Retired New York Times journalist uncovers the stories of MIT
December 21, 2010

When journalist Karen Arenson accepted the New York Times’ higher-education beat, the job came with a caveat: she had to cut volunteer ties to the Institute. That was 1996, and she was partway through her yearlong term as Alumni Association president and serving on the MIT Corporation. Volunteering had been an interest for her and her husband, Greg Arenson ‘70, since graduation. She’d held leadership roles for her class and the New York MIT club, served on the Corporation’s executive committee, and interviewed prospective students.

The Times let her finish her Alumni Association presidency, but she resigned from other volunteer roles. Before long, her stories were helping boost the paper’s reputation for higher-education coverage. Arenson was one of the first mainstream-press journalists to uncover startling trends in early-decision admissions and aggressive endowment management. “Because I like to look at data, I tend to see things others might not,” she says.

Though Arenson had been editor of her high-school paper and managing editor of the Tech, she always considered journalism a side interest. She majored in economics at MIT and received a master’s in public policy at Harvard. But her perspective changed when she landed a summer internship surveying delegates to the 1972 Republican National Convention for the Miami Herald. “I liked the way journalism got me out and talking to people and in the middle of things,” she says.

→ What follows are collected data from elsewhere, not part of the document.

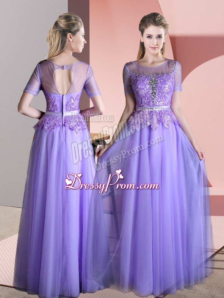 Neckline : ScoopShown Color : LavenderSilhouette : EmpireSleeve Length : short sleevesHemline : floor lengthBack Detail : BacklessFabric : TulleEmbellishment : Beading,LaceOccasion : Prom,PartySeason : Spring,Summer,Fall,Winter
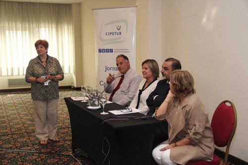 Elizabeth Villalba, Directora de Turismo de Montevideo felicitó al CIPETUR por la organización de la conferencia, está acompañada por Adriana Careaga, Presidente de Montevideo Bureau y Jorge Morandeira, asesor del Ministerio de Turismo
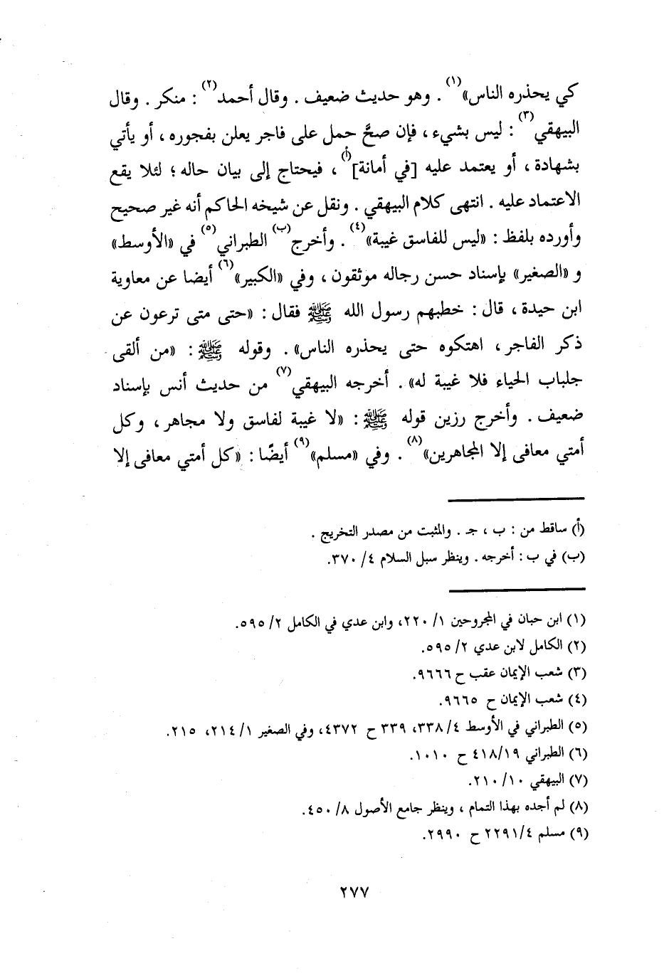كي يحذره الناس" (¬1). وهو حديث ضعيف. وقال أحمد (¬2): منكر. وقال البيهقي (¬3): ليس بشيء، فإن صحَّ حمل على فاجر يعلن بفجوره، أو يأتي بشهادة، أو يعتمد عليه [في أمانة] (أ)، فيحتاج إلى بيان حاله؛ لئلا يقع الاعتماد عليه. انتهى كلام البيهقي. ونقل عن شيخه الحاكم أنه غير صحيح وأورده بلفظ: "ليس للفاسق غيبة" (¬4). وأخرج (ب) الطبراني (¬5) في "الأوسط " و "الصغير" بإسناد حسن رجاله موثقون، وفي "الكبير" (¬6) أيضًا عن معاوية بن حيدة، قال: خطبهم رسول الله - صلى الله عليه وسلم - فقال: "حتى متى ترعون عن ذكر الفاجر، اهتكوه حتى يحذره الناس". وقوله - صلى الله عليه وسلم -: "من ألقى جلباب الحياء فلا غيبة له". أخرجه البيهقي (¬7) من حديث أنس بإسناد ضعيف. وأخرج رزين قوله - صلى الله عليه وسلم -: "لا غيبة لفاسق ولا مجاهر، وكل أمتي معافى إلا المجاهرين" (¬8). وفي "مسلم" (¬9) أيضًا: "كل أمتي معافى إلا
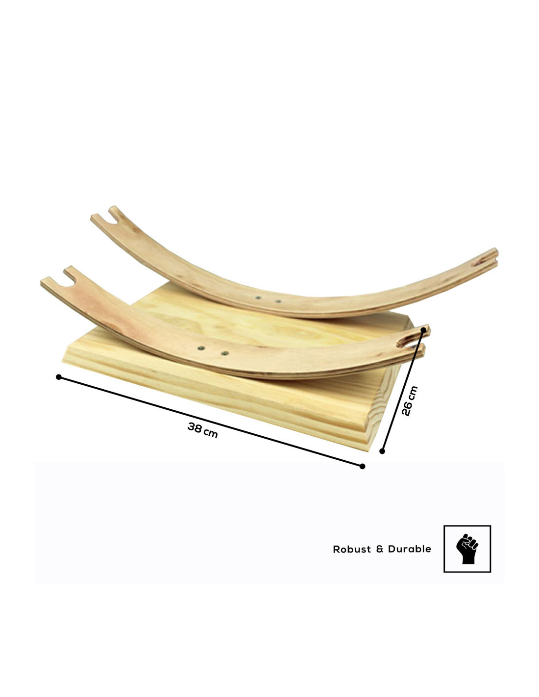 Dit is de eerste variant van ons nieuwe standdesign in natuurlijke houtkleuren. De steun is gemaakt van gelakt echt grenen. De bodemplaat van de dubbele steun meet 26x38 cm.
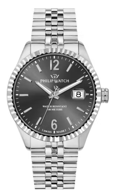 OROLOGIO PHILIP WATCH CARIBE - R8253597112 - Genere : Uomo, Materiale e finitura cassa: Acciaio, Misura cassa: 41.00, Spessore cassa: 8.95, Finitura cassa: Lucido, Satinato, Colore cassa: Silver, Vetro: Vetro zaffiro, Trattamento antiriflesso, Materiale cinturino: Acciaio, Colore cinturino: Silver, Chiusura: Fibbia diver c, Pulsanti e blocco di sicurezza, Swiss made: Sì, Water resistant: 10 atm, Garanzia: Ufficiale 2 anni Philip Watch, Confezione: Originale Philip Watch
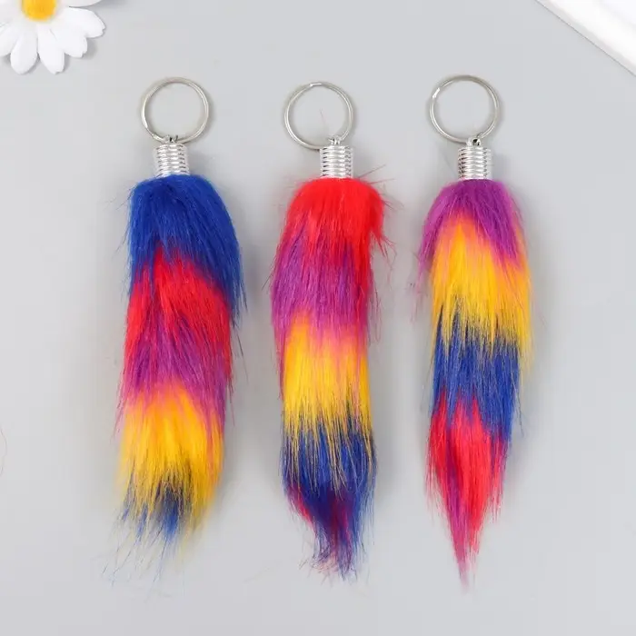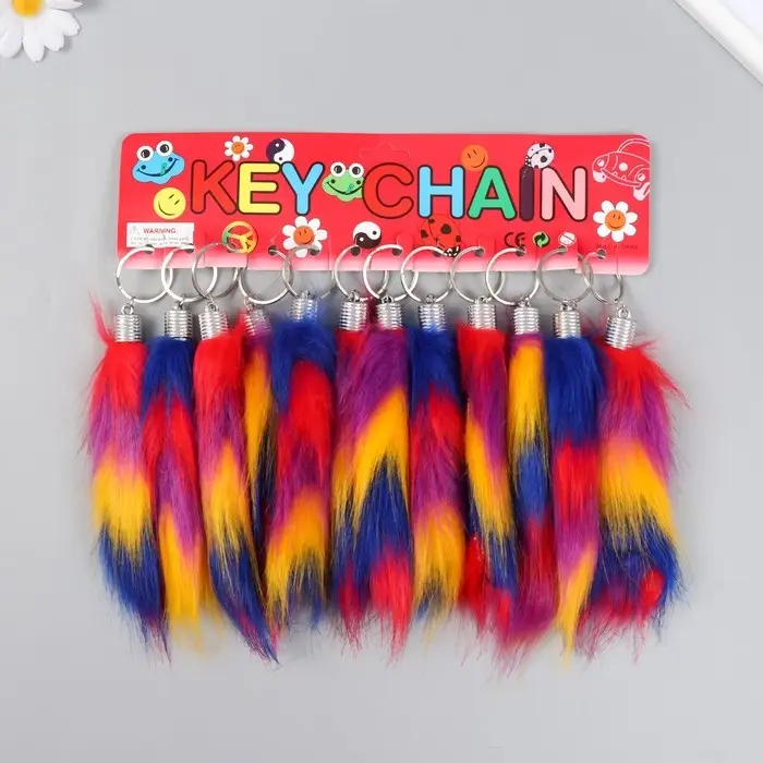 Пушистик на кольце "Хвост в полосочку" h=15 см, МИКС
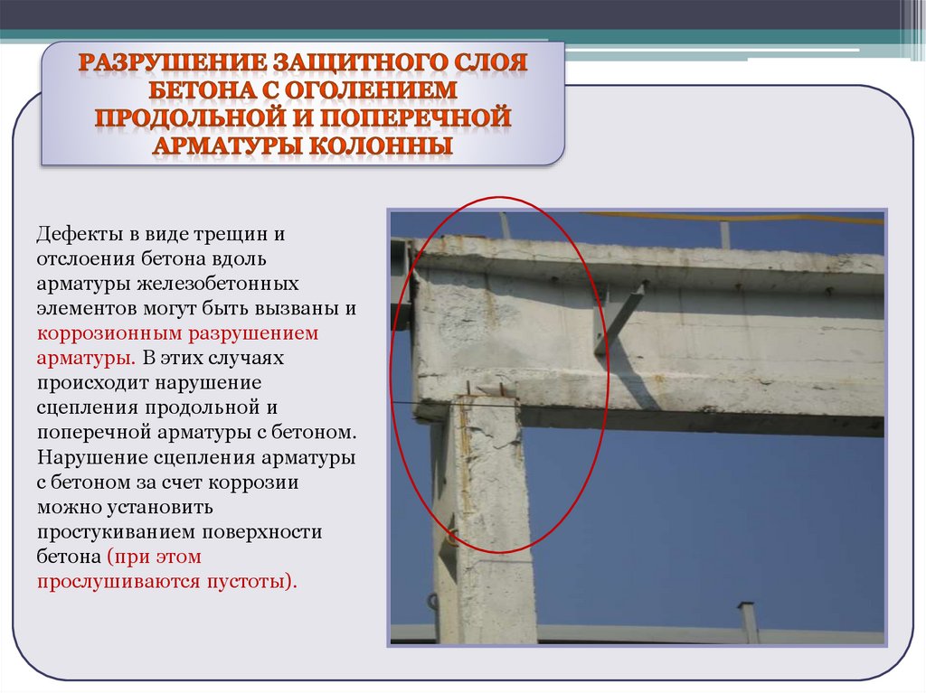 стержнями арматуры легко крошится. Пластинчатая ржавчина или язвы на стержнях оголенной рабочей арматуры в зоне продольных трещин или на закладных

She worked as a reporter for BusinessWeek for five years until the Times’ business section hired her away. After her daughter, Morgan, was born, Arenson became an editor, working for 10 years on features and business stories before eventually returning to her first love, reporting. Though she never took any writing classes at MIT, the Institute “helped me to be analytical,” she says. “And a lot of my journalism was about being analytical.”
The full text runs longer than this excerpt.